If a×b×c×d is 9, what is a+b+c+d ( a b c d are different integers)

Actually, I know the answer to this problem, (which is 1+(-1)+3+(-3)= 0), but I am not sure whether there is a systematic way to solve it.

I thought of separating the a b c and d to

a= 91/b1/c1/d b=91/a1/c1/d And so on...

However, it didn't work. Should I treat a b c d as a whole?

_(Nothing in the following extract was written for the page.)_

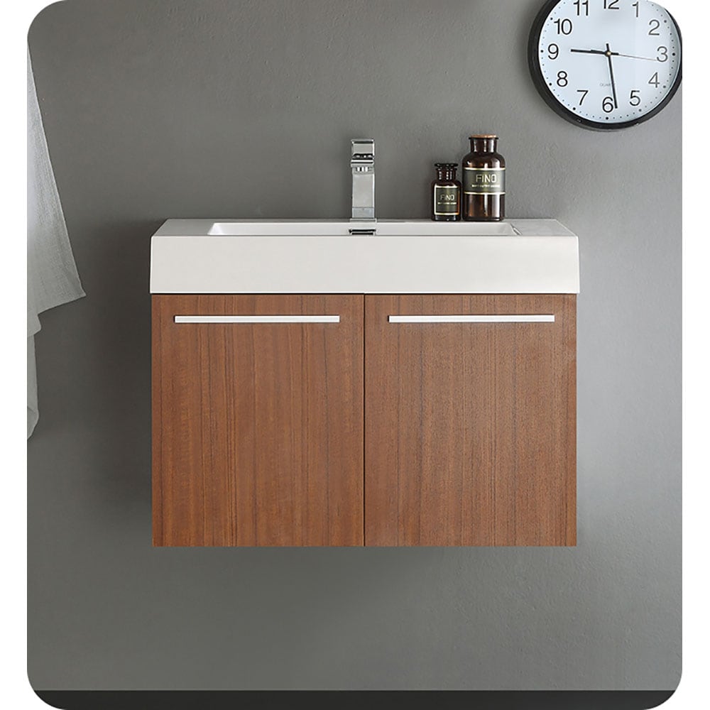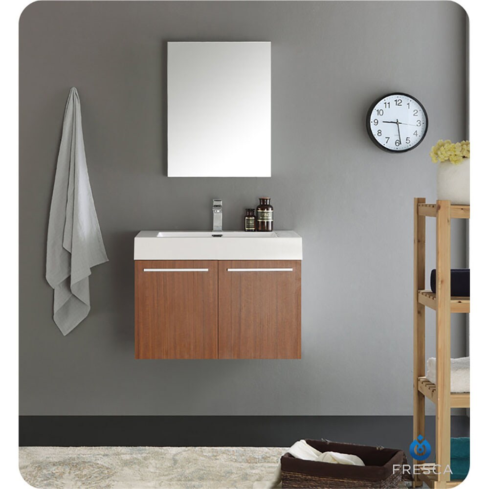 Take your bathroom from basic to beautiful with the Fresca Vista line. The contemporary Teak wall mounted bathroom cabinet offers superior storage, soft close doors and sleek brushed pulls. This lovely cabinet is available in multiple sizes to give a chic, modern touch to any bathroom.
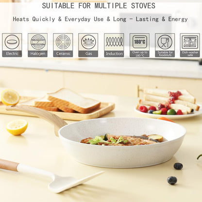- Healthier & Safe Cooking: The set features a ceramic nonstick coating made without PFAS, PFOA, PFOS & PTFE that allows for effortless food release and an even easier clean up. High magnetic conductive stainless steel base allows our non stick kitchen cookware to work on all cooktops, like Electric, Halogen, Ceramic, Gas, Induction, Glass and Oven. The Extended and Thicken Bottom Design also makes the cookware durable and heats up quickly and evenly;

Edit: Sorry I am on my phone so I can't use the formattings. Thanks for your understanding

Edit: Thanks for all your help :).

KongMing
  • 7
  • 1
    Your question is phrased as an isolated problem, without any further information or context. This does not match many users' quality standards, so it may attract downvotes, or be closed. To prevent that, please [edit] the question. This will help you recognize and resolve the issues. Concretely: please provide context, and include your work and thoughts on the problem. These changes can help in formulating more appropriate answers. – José Carlos Santos Jul 05 '22 at 07:08
  • A similar question: https://math.stackexchange.com/q/1595118/42969 – Martin R Jul 05 '22 at 07:08
  • Please use MathJax so that people can see it easily. – RDK Jul 05 '22 at 07:12
  • Sorry I am on my phone so I can't use MathJax – KongMing Jul 05 '22 at 07:15
  • 1
    I have already written many posts with MathJax on a smartphone. – José Carlos Santos Jul 05 '22 at 07:35
  • Prime factorization is $9=3^2$. Then $9$ has $2\cdot(2+1)=6$ distinct integer divisors. Using one of $\pm9$ multipliers excludes using any $\pm3$ and other $\pm9$ with only remaining multipliers $\pm1$, which makes total number of multipliers not greater than 3, which is not enough. Then one cannot use $\pm9$, then one can use only $\pm1$ and $\pm3$, which count is exactly four. – Ivan Kaznacheyeu Jul 05 '22 at 07:52

1 Answers1

-2

If $a, b, c, d$ are distinct integers which satisfies $abcd=9$, find $a+b+c+d$.

$a|9, b|9, c|9, d|9$.

The factors of $9$ is $-9, -3, -1, 1, 3, 9$.

WLOG, $a<b<c<d$.

If $a=-9:$ $bcd=-1$ for all distinct integers $b, c, d$, which has a contradiction.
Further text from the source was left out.